• **Task brief**
Copy nothing but the lines from the line with "Supersoft ribbed knit" to the end of the records, retyped exactly. Pictures stay out.

**********

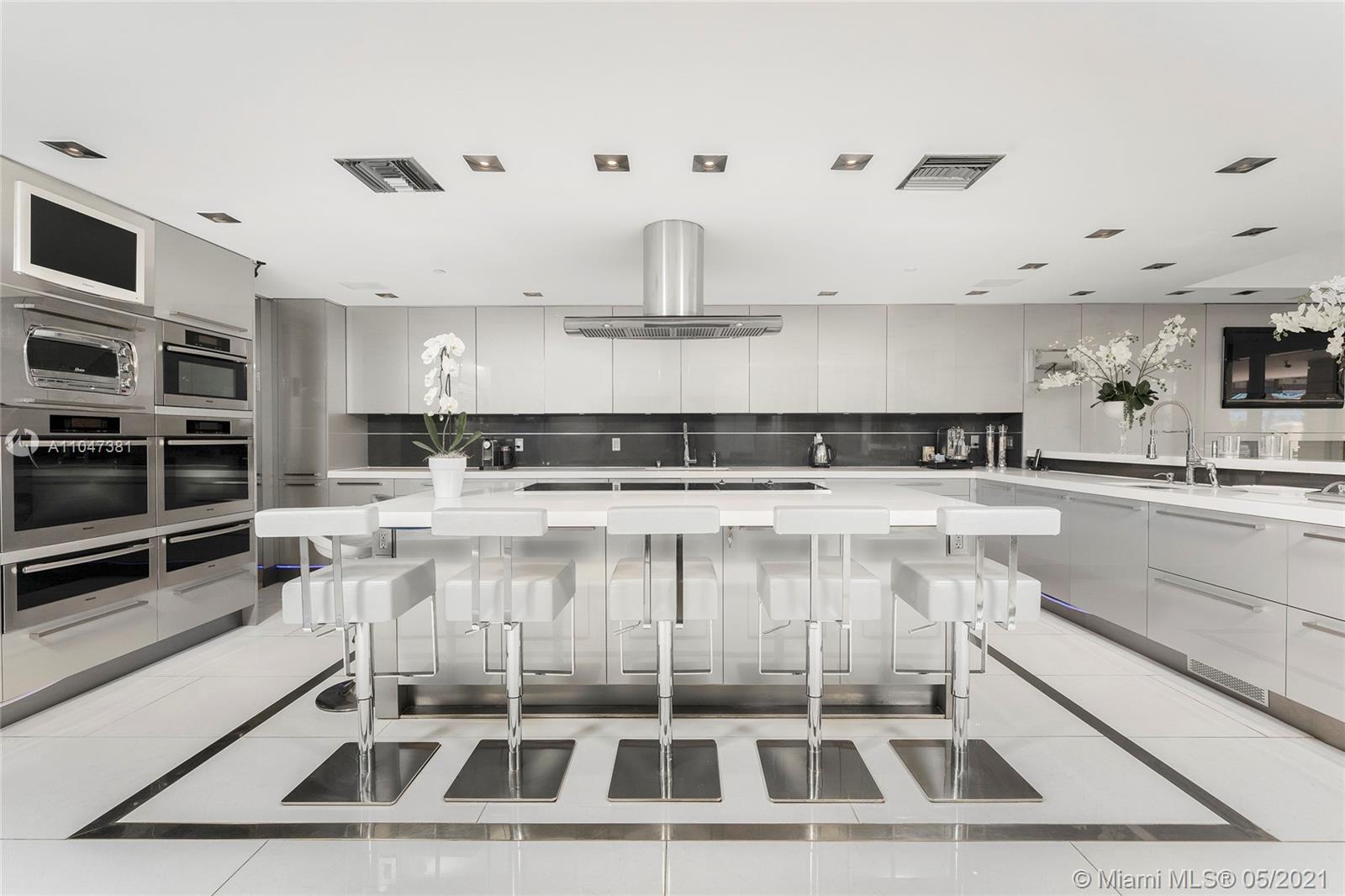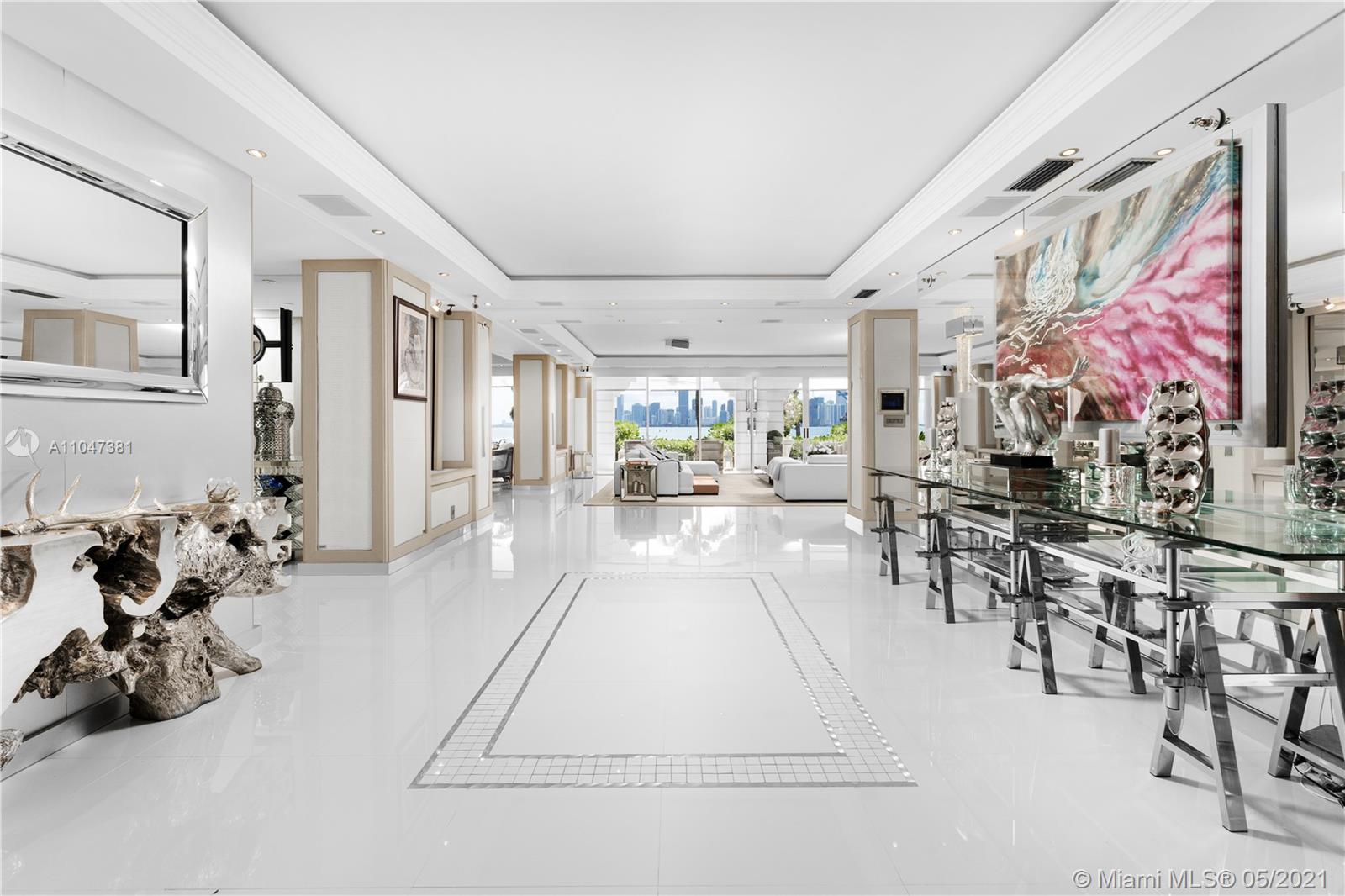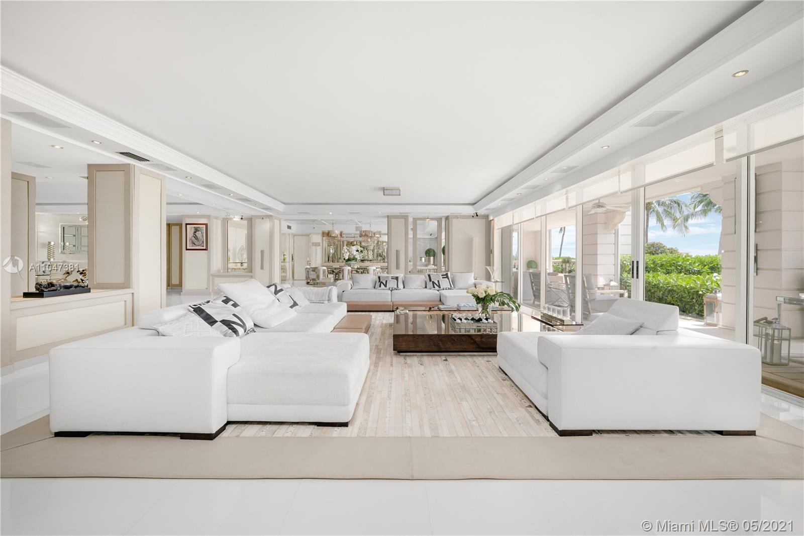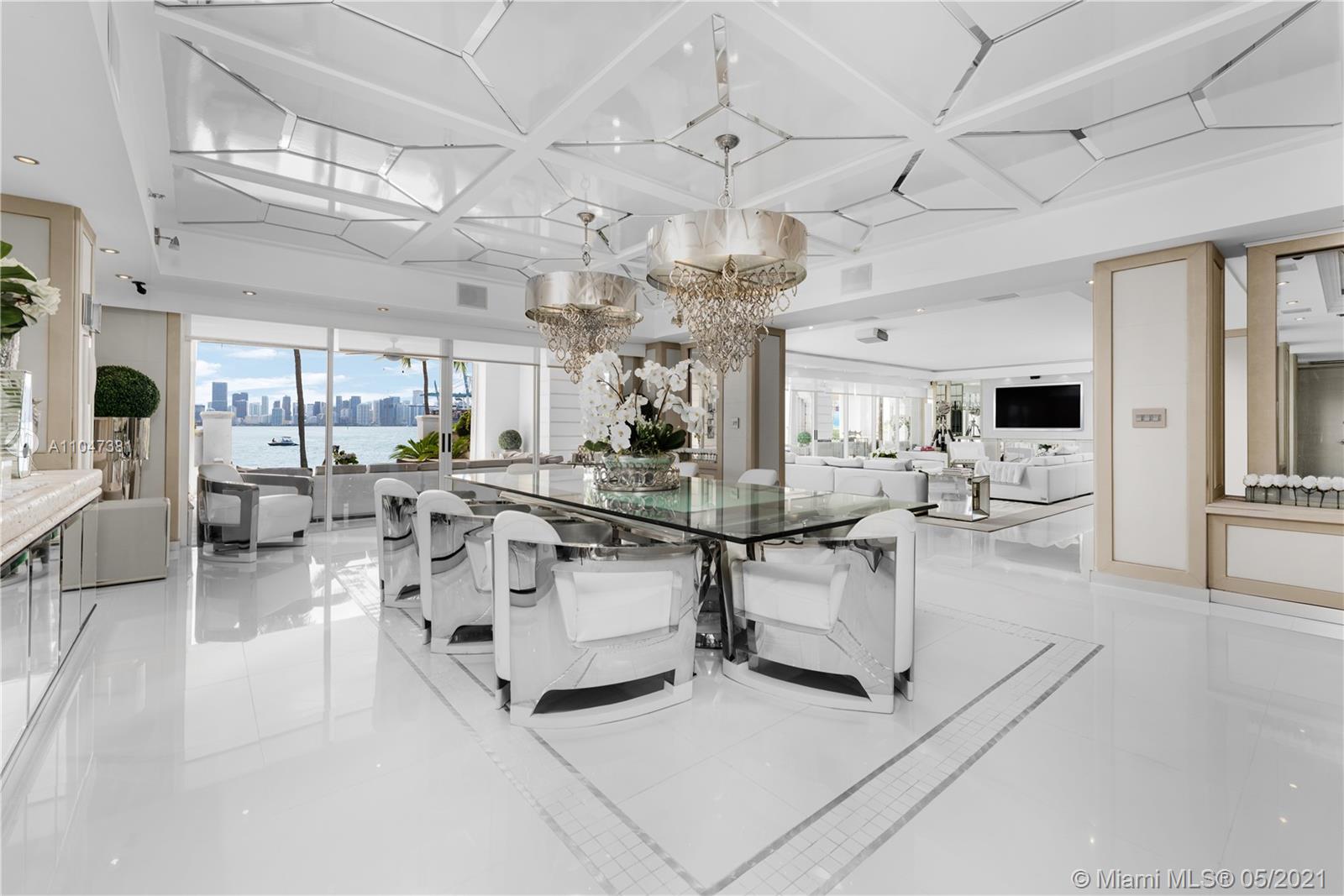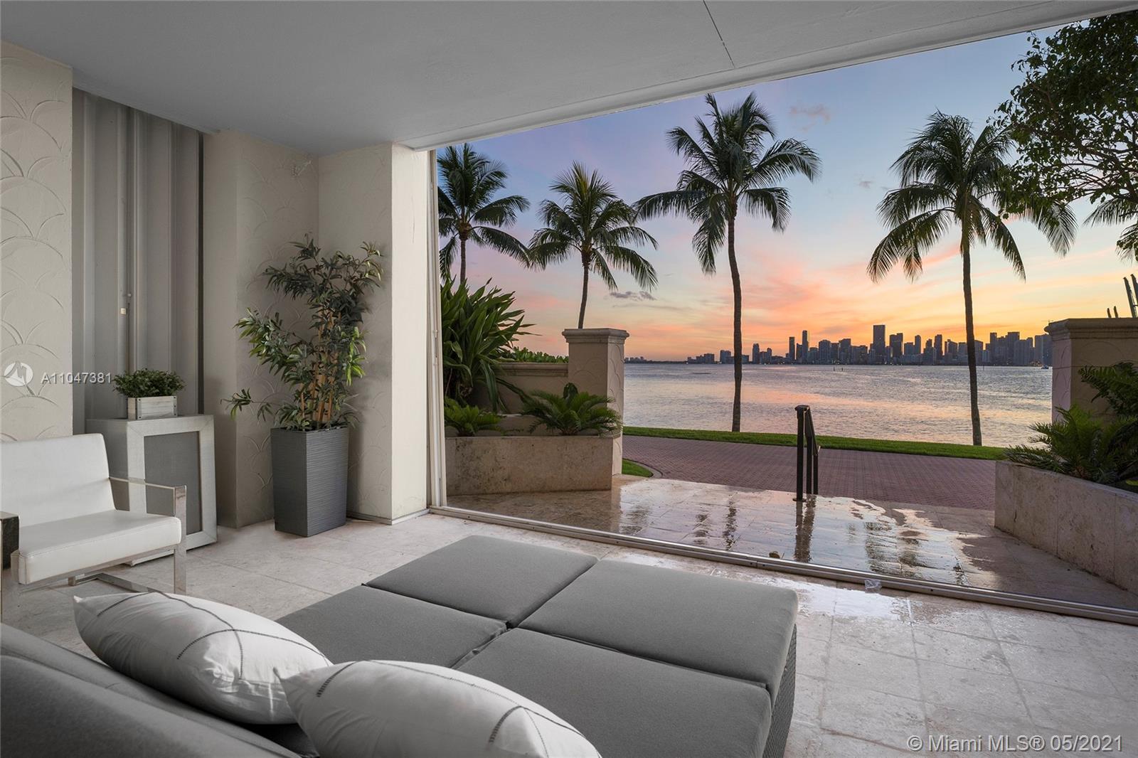 This coveted ground floor Bayview unit offers the best of Fisher Island with unobstructed views to Biscayne Bay & Downtown Miami Skyline, plus amazing sunset views. The 5BR/5+2 BA unit features 6,260 SF, exquisite white porcelain floors, FENDI designed wallpaper & doors plus a built-in surround sound system. Spacious open living room w/wet bar & dining room both w/direct bay views. Amazing Chef’s kitchen sports top-of-the-line Miele & Sub-Zero appliances, eat-in center island, butler’s pantry & breakfast area. Private bayside principal suite offers tan oak floors & bathroom w/dual walk-in closets, glass rainshower & a sunken spa tub. Expansive bayside terrace w/multiple seating & lounging areas, al fresco dining table & arches that frame stunning views to the bay & Downtown Miami skyline.
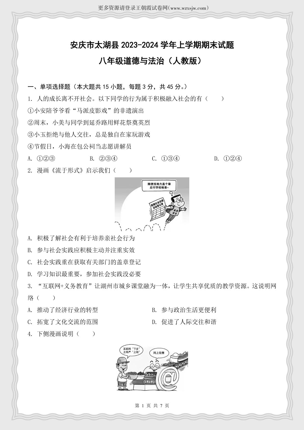 安徽省安庆市太湖县2023-2024学年上学期期末试题八年级道德与法治(人教版)
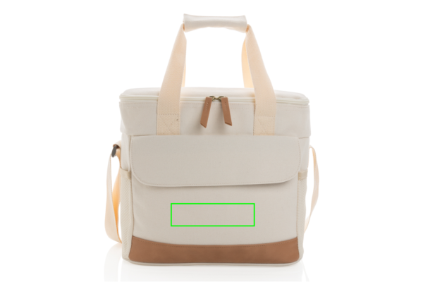 Pack your favourite food or beverages in this chic cooler bag! This beautiful 16oz. recycled canvas large cooler bag can store up to 20 cans. With 2 mesh side pockets and 1 front pocket for extra storage. With beautiful PU details. The AWARE™ tracer validates the genuine use of recycled canvas. 2% of proceeds of each Impact product sold will be donated to Water.org. Composition 60% recycled cotton and 40% recycled polyester. Lining in PEVA.
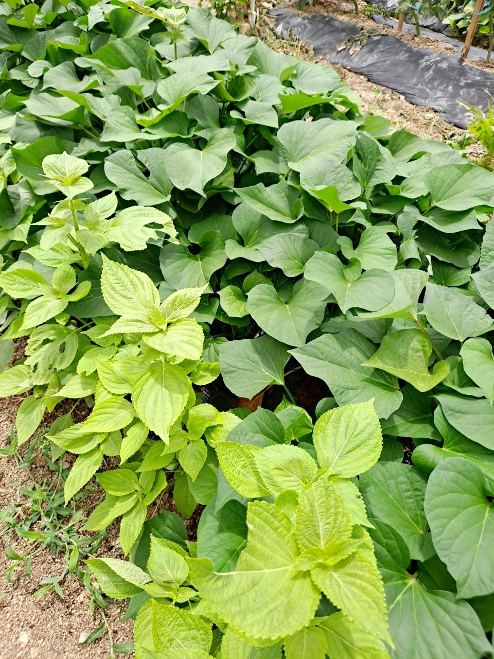 고구마 줄기에 둘러싸인 깻잎
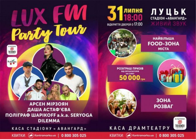 - сайт karabas.com (https://lutsk.karabas.com/ua/lux-fm-party-tour-2)
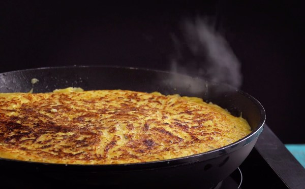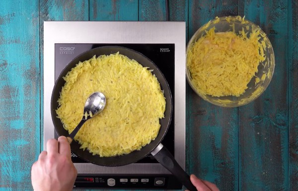 - Étalez le reste des pommes de terre par-dessus et laissez cuire. Aidez-vous de la seconde poêle pour retourner le rösti et faites cuire de l'autre côté.
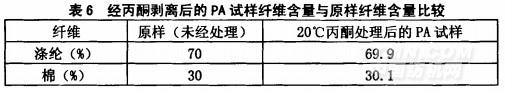 为了验证本文所设定的试验条件是否对试样的纤维含量测试有影响,我们依据GB/T2910一1997《纺织品二组分纤维混纺产品定量化学分析方法》,对经丙酮剥离后的PA试样进行成份定量测试,将测试结果与未经涂层整理的原样的定量测试结果进行比较,见表6。
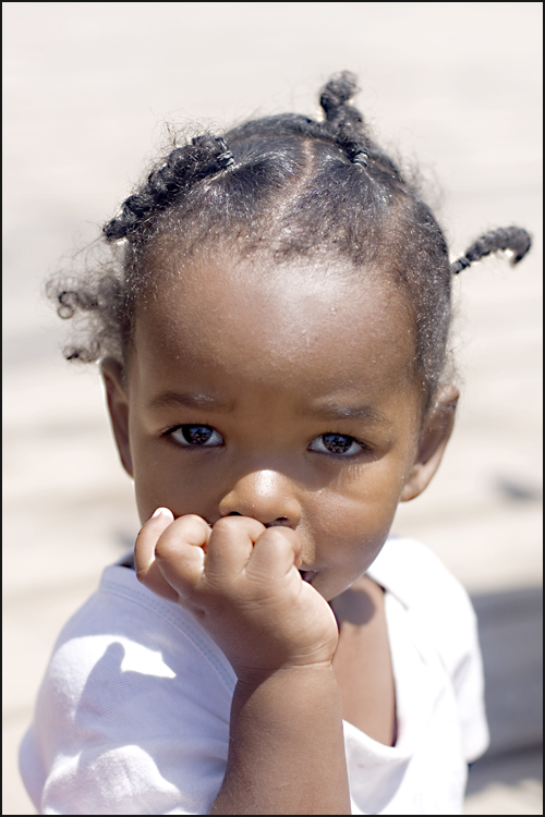 Tutu',bambina capoverdiana di 2 anni e mezzo,incontrata insieme alla sua mamma sul pontile,in attesa dell'arrivo del papa' pescatore...isola del sale,marzo 2009
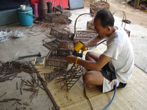 นางเหรียญทอง สุทธปัญญา สามารถนำเอาเครือเถาวัลย์ที่มีอยู่ในท้องถิ่น มาประดิษฐ์เป็นเครื่องประดับตกแต่งได้อย่างสวยงาม เช่น ทำแจกัน ตะกร้า กระเช้าผลไม้ จำหน่ายสร้างรายได้ให้แก่ครอบครัว และนอกจากจะจำหน่ายในประเทศไทยแล้ว ยังสามารถส่งออกไปจำหน่ายยังต่างประเทศอีกด้วย
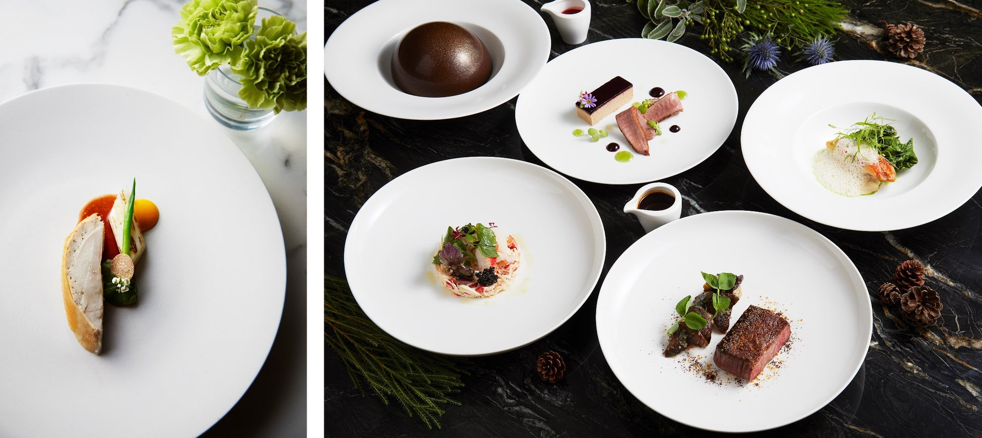 ディナー 6品コース 25,000円/ディナー 7品コース 30,000円 ワインペアリング +26,000円から
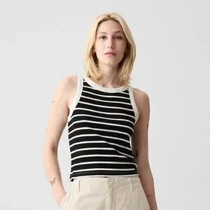 Supersoft ribbed knit cotton-modal blend cropped halter top.
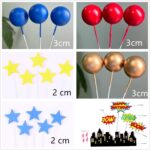 PERFECT PACKAGE : 4 x superhero themed cake toppers,5x blue stars cake toppers 5x yellow stars cake toppers,5 x golden balls cake toppers, 5 x blue balls cake toppers, 5x red balls cake toppers,A total of 29 sets.
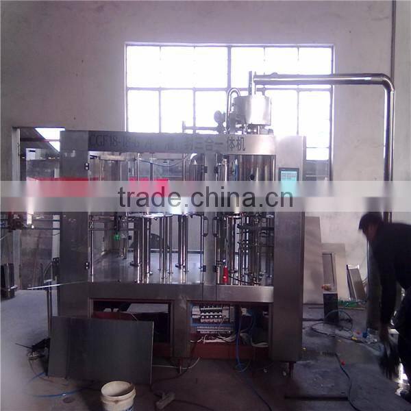 Features: 1.The machine is mainly used in the beverage filling operations. The three functions 2. This 3-in-1 monobloc machine is for fruit juice, tea beverage, etc. 3. Water bottling machine, it is a fully automatic and multi-functions 4. Direct connection technology is used between air conveyor and in-feeding 5. Neck-hanging technology is applied in bottle transportation. Instead of
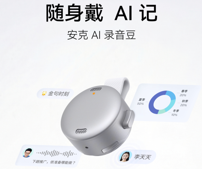 1月19日,安克创新与字节跳动旗下飞书联合发布最新AI硬件——安克AI录音豆。合作关系上,安克创新负责硬件端研发,飞书提供软件AI适配与服务,更多侧重软件、AI 能力支持,以及开放接口,使设备录音可直接接入飞书体系,自动将录音文件导入飞书生态,并沉淀为飞书文档。
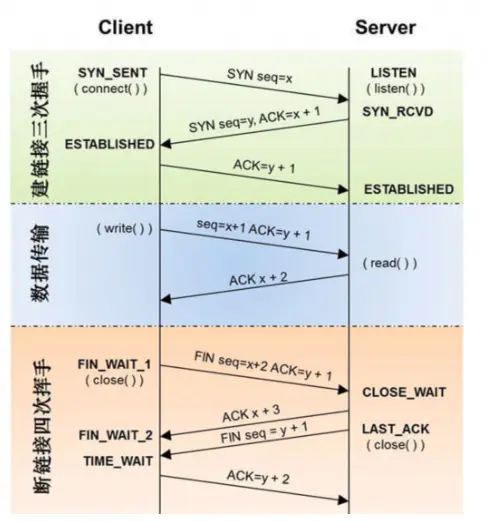 具体过程即是:送端发送数据时,生成一个随机 seq=x,然后每一片按照数据大小分配 seq。数据到达接收端后接收端放入缓存,并发送一个 ack=x 的包,表示对方已经收到了数据。发送端收到了 ack 包后,删除缓冲区对应的数据。时间到后,定时任务检查是否需要重传数据
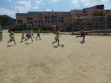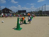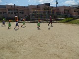 3チームに分かれてボールを追いかけます。
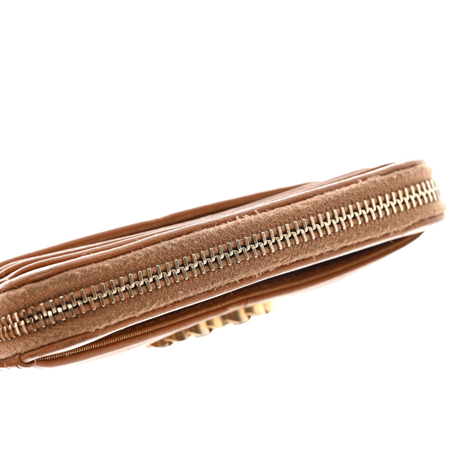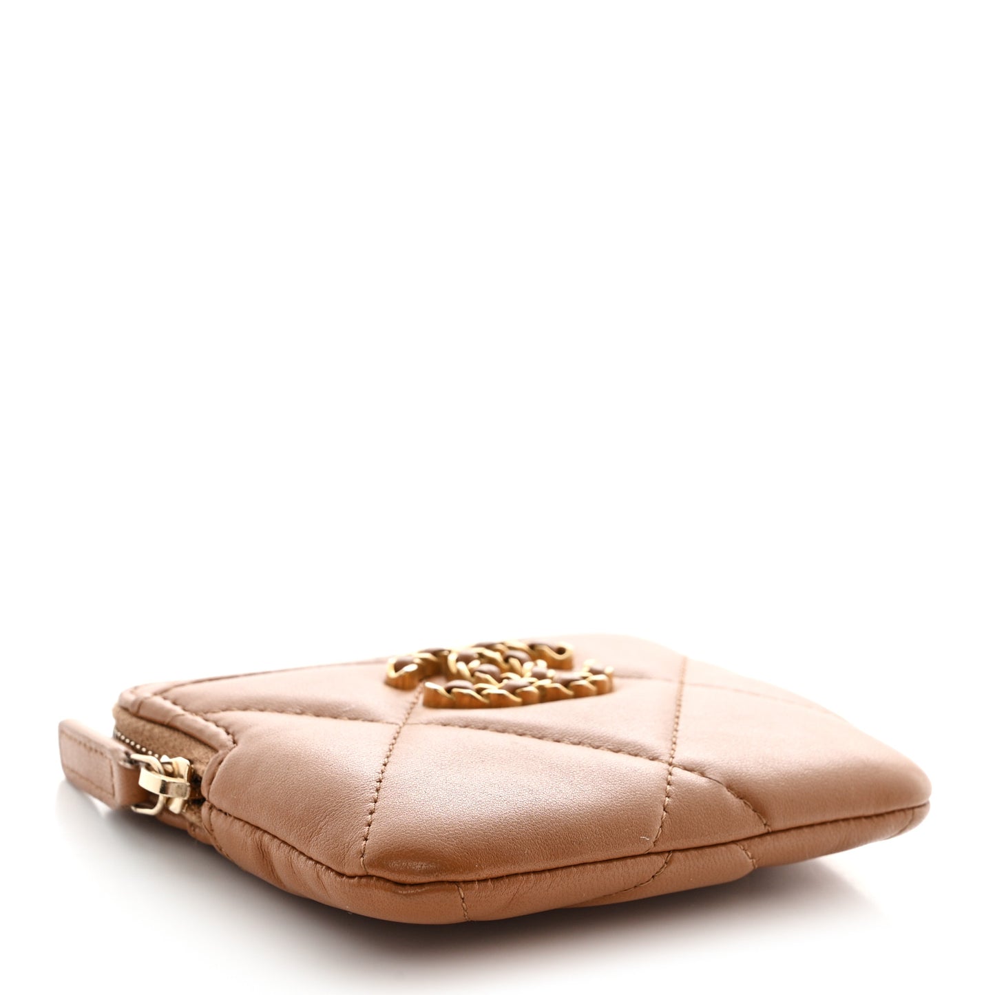 Lambskin Quilted Chanel 19 Zip Card Holder Wallet Brown

**********

• **Written response**
 Supersoft ribbed knit cotton-modal blend cropped halter top.
 PERFECT PACKAGE : 4 x superhero themed cake toppers,5x blue stars cake toppers 5x yellow stars cake toppers,5 x golden balls cake toppers, 5 x blue balls cake toppers, 5x red balls cake toppers,A total of 29 sets.
 Features: 1.The machine is mainly used in the beverage filling operations. The three functions 2. This 3-in-1 monobloc machine is for fruit juice, tea beverage, etc. 3. Water bottling machine, it is a fully automatic and multi-functions 4. Direct connection technology is used between air conveyor and in-feeding 5. Neck-hanging technology is applied in bottle transportation. Instead of
 1月19日,安克创新与字节跳动旗下飞书联合发布最新AI硬件——安克AI录音豆。合作关系上,安克创新负责硬件端研发,飞书提供软件AI适配与服务,更多侧重软件、AI 能力支持,以及开放接口,使设备录音可直接接入飞书体系,自动将录音文件导入飞书生态,并沉淀为飞书文档。
 具体过程即是:送端发送数据时,生成一个随机 seq=x,然后每一片按照数据大小分配 seq。数据到达接收端后接收端放入缓存,并发送一个 ack=x 的包,表示对方已经收到了数据。发送端收到了 ack 包后,删除缓冲区对应的数据。时间到后,定时任务检查是否需要重传数据
 3チームに分かれてボールを追いかけます。
 Lambskin Quilted Chanel 19 Zip Card Holder Wallet Brown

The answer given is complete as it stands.